--- INSTRUCTIONS FOR THE TASK ---
The material below holds pictures; leave them out and reproduce exactly the lines from the one with "Stylist Suggestion: Add" through the one with "گزشتہ روز ہائر", inclusive.

--- DATA ---
[Start of section]

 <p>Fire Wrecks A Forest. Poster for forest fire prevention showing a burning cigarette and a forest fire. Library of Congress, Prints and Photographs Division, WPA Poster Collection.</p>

[End of section]
[Start of section]

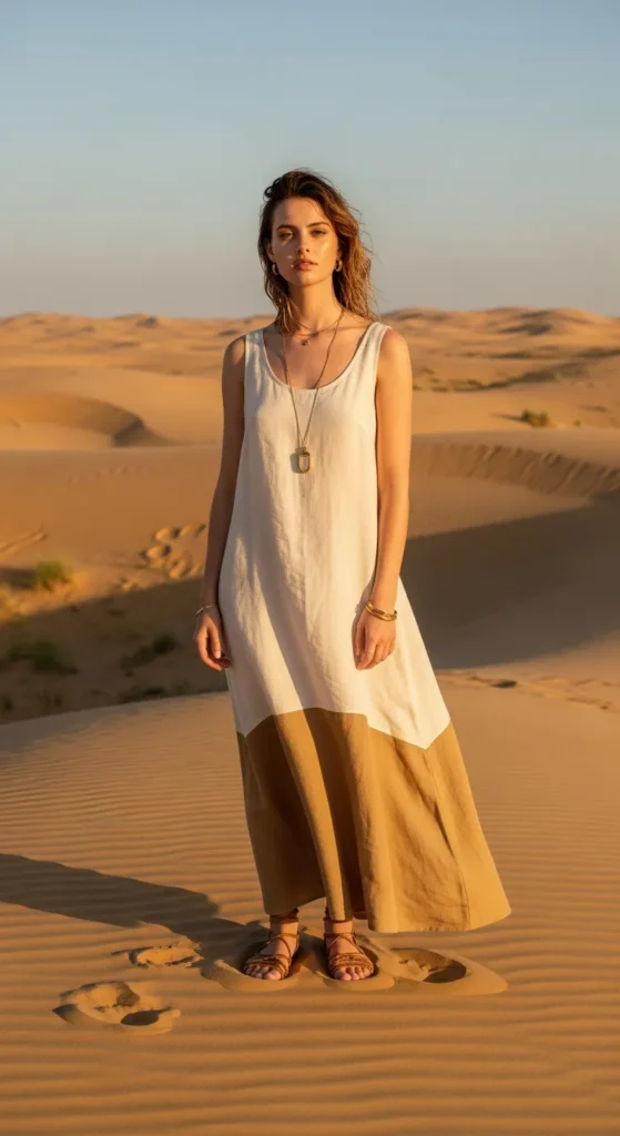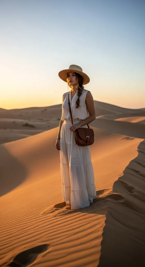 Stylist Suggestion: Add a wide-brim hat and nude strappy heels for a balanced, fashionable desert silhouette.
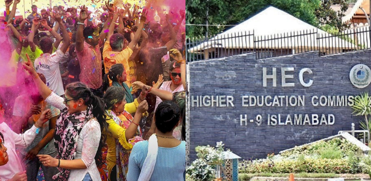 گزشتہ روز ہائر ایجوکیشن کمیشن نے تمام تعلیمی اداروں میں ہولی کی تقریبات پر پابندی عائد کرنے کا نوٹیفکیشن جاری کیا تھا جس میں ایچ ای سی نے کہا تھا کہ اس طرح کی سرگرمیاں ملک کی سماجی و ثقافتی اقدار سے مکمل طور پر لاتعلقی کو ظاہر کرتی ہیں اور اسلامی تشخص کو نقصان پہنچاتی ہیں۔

[End of section]

--- ANSWER ---
 Stylist Suggestion: Add a wide-brim hat and nude strappy heels for a balanced, fashionable desert silhouette.
 گزشتہ روز ہائر ایجوکیشن کمیشن نے تمام تعلیمی اداروں میں ہولی کی تقریبات پر پابندی عائد کرنے کا نوٹیفکیشن جاری کیا تھا جس میں ایچ ای سی نے کہا تھا کہ اس طرح کی سرگرمیاں ملک کی سماجی و ثقافتی اقدار سے مکمل طور پر لاتعلقی کو ظاہر کرتی ہیں اور اسلامی تشخص کو نقصان پہنچاتی ہیں۔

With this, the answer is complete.